Compositional Zero-Shot Learning experiments
============================================

Code for running the experiments in the paper
Logical Activation Functions: Logit-space equivalents of Probabilistic Boolean Operators
https://openreview.net/forum?id=m6HNNpQO8dc

On the MIT-States dataset using TMN-based architecture.

This repository was forked from [facebookresearch/taskmodularnets](https://github.com/facebookresearch/taskmodularnets) under the Creative Commons Attribution Non-Commercial 4.0 International license.
The repository contains the official code for the corresponding paper:
Task-Driven Modular Networks for Zero-Shot Compositional Learning<br/>
*Senthil Purushwalkam, Maximilian Nickel, Abhinav Gupta, Marc'Aurelio Ranzato<br/>
arXiv preprint arXiv:1905.05908<br/>*
[Webpage](http://www.cs.cmu.edu/~spurushw/projects/compositional.html) | [Paper](https://arxiv.org/abs/1905.05908) <br/>


Installation
------------

```
# Pick a name for the new environment
ENVNAME=taskmodularnets

# Create the python3.x conda environment, with pip installed
conda create -p "$ENVNAME" -q python=3.9.7 pip

# Activate the environment
conda activate "$ENVNAME"

# Install dependencies
pip install -r requirements.txt

# Download data
bash utils/download_data.sh
```


Training and evaluation
-----------------------

To generate our final results (TMNx architecture, Table 3), run the following bash code.

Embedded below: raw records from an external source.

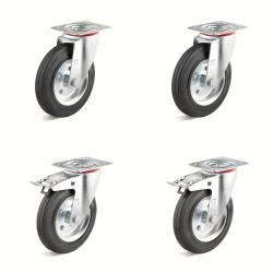 - Das Set besteht aus je zwei Lenkrollen und zwei Lenkrollen mit Doppelstopp.
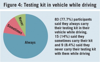 • A total of 83 participants always carry their testing kit in their vehicle while driving; 21 of these participants were over 40 years compared to 62 under 40
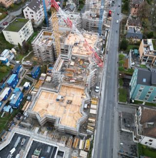 Es ist eng auf der Baustelle in der oberen Bernstrasse, jeder Quadratmeter ist genau verplant, Zu- und Wegfahrten müssen exakt koordiniert werden. Aber das ist kein Problem für die erfahrenen Bauarbeiterinnen und Bauarbeiter. Es geht voran: Die ersten Dächer sind betoniert und erste Fenster bereits drin. Wer sich fürs Leben ab Mitte 2024 in der oberen Bernstrasse interessiert, kann sich unter bernstrasse.ch für den Newsletter anmelden.
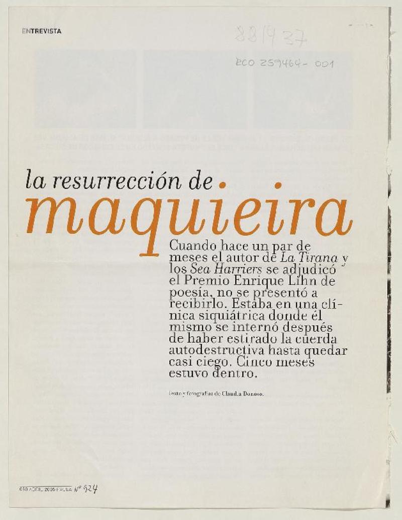 La Resurreción de Maquieira. [artículo] Claudia Donoso

Each job uses a single GPU, and each takes between 2 and 4.5 hours with a Tesla T4 GPU.
The variance between jobs depends on how many epochs are needed to reach peak performance, which is typically around 5 epochs.
The training process has a patience of 5 epochs to be sure the peak has been discovered, meaning each job typically trains for around 10 epochs before early stopping exits the job.

The bash script `run_TMNx.sh` will train the model with `train_modular.py`, and then evaluate the best model (on the validation set) using the script `test_modular.py` on the test set, for the top-k values k=1,2,3.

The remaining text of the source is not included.